Tudo isso que, a partir de outros discursos, poderia ser considerado como algo que ocorre em um tempo cronológico – ou seja, por etapas – para nosso discurso e nossa orientação, acontece em um tempo lógico. Então, para além da idade da pessoa que vem nos procurar, encontrar um sujeito e sua enunciação tem a ver não somente com aquilo que o causa, mas também com o consentimento desse ser que decidiu muito precocemente. Uma análise, como bem diz o belo argumento do próximo ENAPOL, trata de fazer falar: falar o que não se sabe, falar o que não se pode falar, falar das coisas loucas. Além disso, falamos a partir da posição de filhos – ou seja, a partir do resto de um desejo que nos trouxe ao mundo. Isso coloca em ato o mal-entendido, a não-relação sexual e a resposta que cada um deu, de maneira sintomática, a esse encontro.
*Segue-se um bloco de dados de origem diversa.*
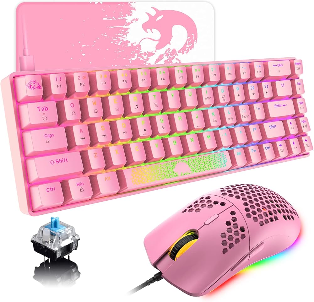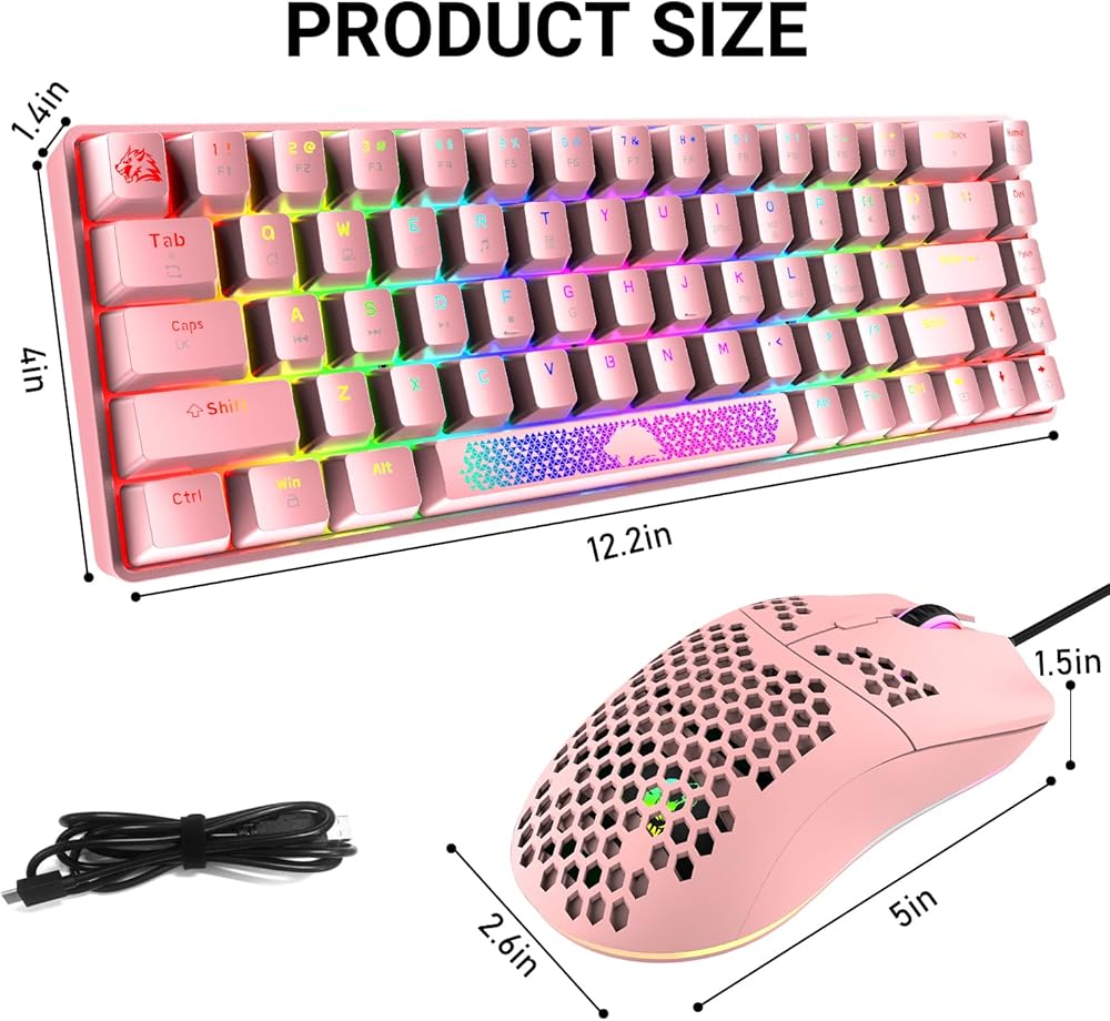 مجموعة لوحة مفاتيح وماوس ميكانيكية للألعاب بنسبة 60%، إضاءة خلفية RGB مريحة ومضادة للظلال، 68 مفتاحًا، 6400 ديسيبل متوحد الخواص، الفئران الصامتة على شكل قرص العسل من النوع C سلكية لأجهزة الكمبيوتر Mac Gamer

O modo como cada um responde à não-relação sexual mostra, segundo Lacan, por um lado que, o sujeito se localiza em seu dizer, mas, por outro, também por sua relação com o gozo e seu objeto – uma preocupação recorrente ao longo de seu ensino. Como dar conta de que nem tudo se pode dizer e nem tudo se fisga com o simbólico. Nesse sentido, a prática clínica com crianças nos permite acompanhar esse momento em que a relação do sujeito com o objeto está se construindo, as marcas de lalíngua ainda podem ser, de certo modo, visíveis – se estivermos atentos para percebê-las – e o inconsciente se apresenta a céu aberto na linguagem e no brincar.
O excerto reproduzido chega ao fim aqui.